As the light source, for example, in the case of ultraviolet rays, a Deep UV lamp, a low-pressure mercury lamp, a high-pressure mercury lamp, an ultrahigh-pressure mercury lamp, a halogen lamp, a laser light source (light source such as a helium-cadmium laser or an excimer laser) may be used. it can. The amount of irradiation light (irradiation energy) varies depending on the thickness of the coating film, but may be, for example, about 50 to 10,000 mJ / cm ² , preferably 70 to 7000 mJ / cm ² , and more preferably about 100 to 5000 mJ / cm ² .

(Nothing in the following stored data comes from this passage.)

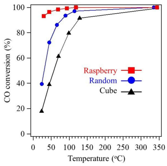CO conversion efficiency measured with decreasing temperature in the range of 25–350 °C for randomly shaped (blue circles), cube-like (black triangles), and raspberry-shaped (red squares) Co3O4 nanoparticles.
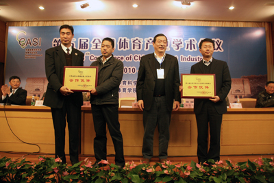 殷宝林局长和姚颂平教授为中国体育科学学会体育产业分会合作伙伴颁发奖牌
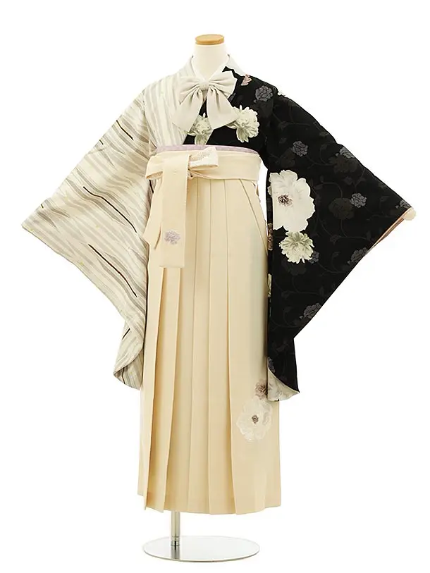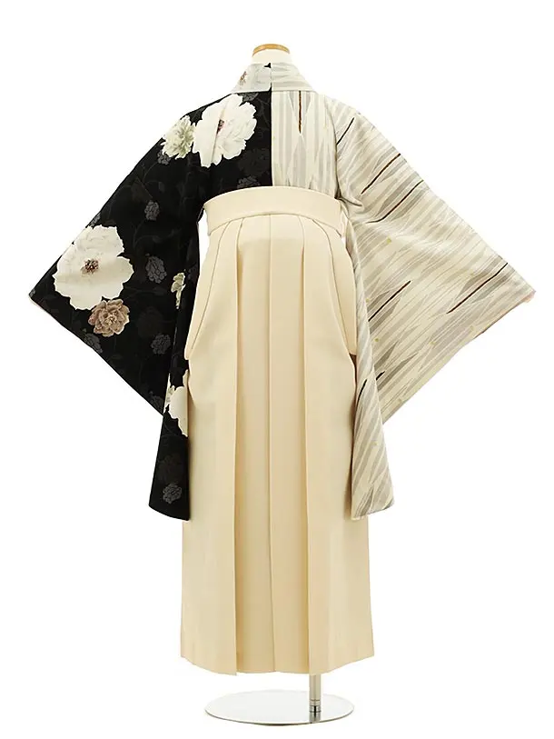 小学生袴Z184 JAPANSTYLEブラック/モカ片身替り薔薇矢絣xオフ白袴

  In the case of an electron beam, a method of irradiating an electron beam with an exposure source such as an electron beam irradiation apparatus can be used. The irradiation amount (dose) varies depending on the thickness of the coating film, but is, for example, about 1 to 200 kGy (gray), preferably 5 to 150 kGy, and more preferably 10 to 100 kGy (particularly 20 to 80 kGy). The acceleration voltage is, for example, about 10 to 1000 kV, preferably about 50 to 500 kV, and more preferably about 100 to 300 kV.

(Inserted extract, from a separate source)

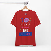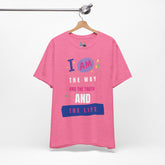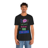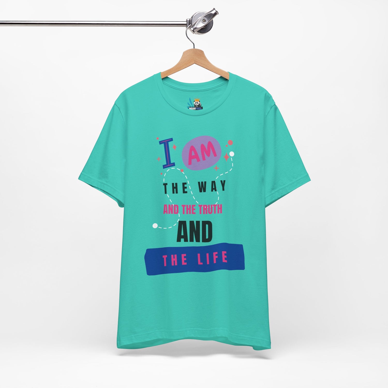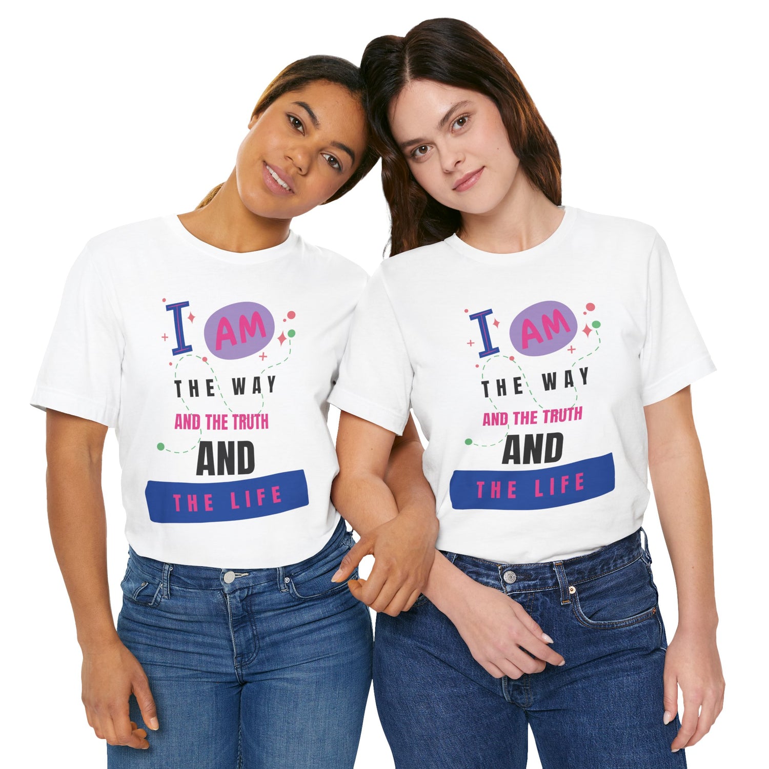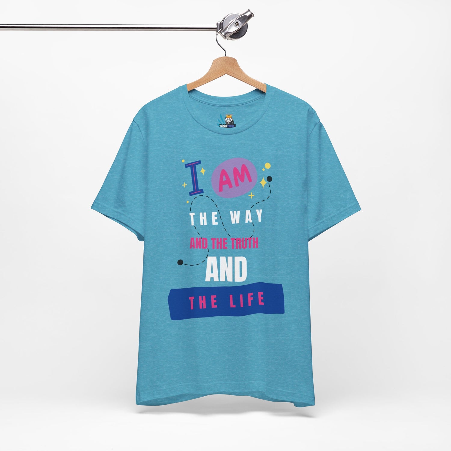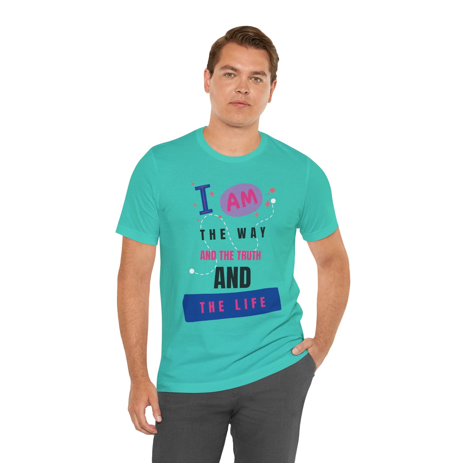Step into faith and style with the 'I AM the Way' unisex tee, featuring a vibrant and eye-catching design. This tee showcases a bold, modern graphic with the powerful message: 'I am the way and the truth and the life,' as said by Jesus. The playful typography and colorful elements, including striking pinks, blues, greens, and whites, make this shirt a standout piece. Available in 13 different colors, including solids and heathered fabrics, this tee is perfect for expressing your beliefs while staying fashion-forward. Whether you're dressing it up or keeping it casual, this tee is a versatile addition to any wardrobe. Grab yours now and make a statement that resonates with both your faith and your style.
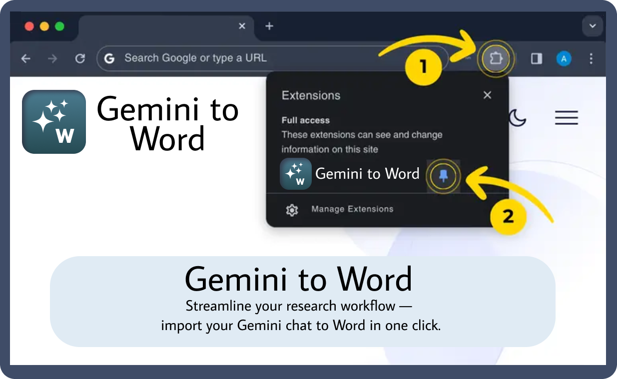 Gemini to Word helps you export Gemini chats to Word documents instantly.

  In addition, you may perform irradiation of an active energy ray in inert gas (for example, nitrogen gas, argon gas, helium gas etc.) atmosphere if necessary.

  In order to improve the adhesion of the transparent conductive layer to the hard coat layer, the hard coat layer may be subjected to a surface treatment. Examples of the surface treatment include conventional surface treatments such as corona discharge treatment, flame treatment, plasma treatment, ozone and ultraviolet irradiation treatment.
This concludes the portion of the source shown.